## AIM OF THE TASK:
Return the listing exactly. Keep no pictures.

## INFORMATION SHOWN:
• • • • • • •

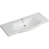 Der charakteristische Beckenrand geht in eine Hahnlochbank über, auf der Platz für Seife oder Deko ist. Mit bereits integriertem Überlauf, Überlaufclip in Chrom und Hahnloch lässt das Waschbecken keine Wünsche mehr offen.
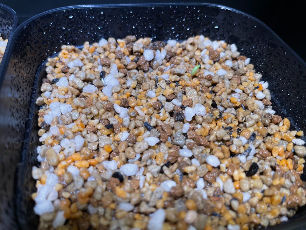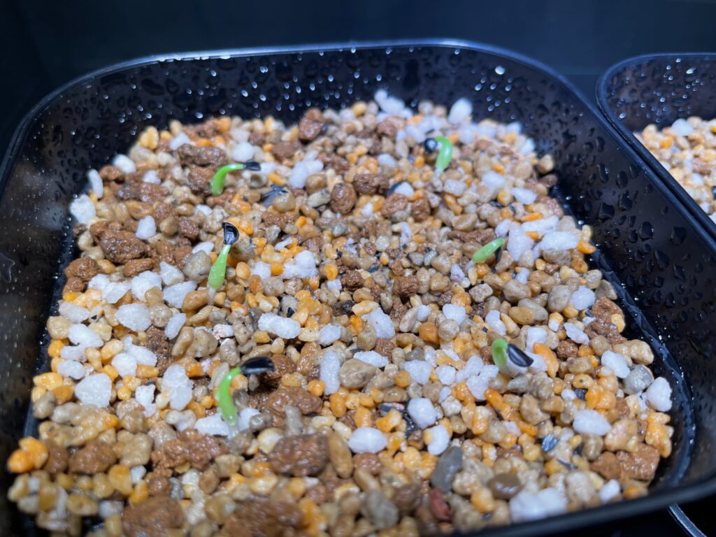 この8粒はすべて、準備で真水に2日つけていた段階で根っこが覗いていたので、後の4粒はしばらく様子見。
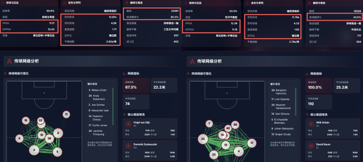 左边是利物浦,右边是莱比锡,二者在结构设计思路上是有相似的,但是问题就在于,利物浦现在的OPPDA(控球状态下对方平均每次防守,本方的传球次数,这个越高越好)出问题了(即控不住球,拿住球了之后容易丢球权),以及在进攻序列时间里太慢。

• • • • • • •

## EXERCISE SOLUTION:
 Der charakteristische Beckenrand geht in eine Hahnlochbank über, auf der Platz für Seife oder Deko ist. Mit bereits integriertem Überlauf, Überlaufclip in Chrom und Hahnloch lässt das Waschbecken keine Wünsche mehr offen.
 この8粒はすべて、準備で真水に2日つけていた段階で根っこが覗いていたので、後の4粒はしばらく様子見。
 左边是利物浦,右边是莱比锡,二者在结构设计思路上是有相似的,但是问题就在于,利物浦现在的OPPDA(控球状态下对方平均每次防守,本方的传球次数,这个越高越好)出问题了(即控不住球,拿住球了之后容易丢球权),以及在进攻序列时间里太慢。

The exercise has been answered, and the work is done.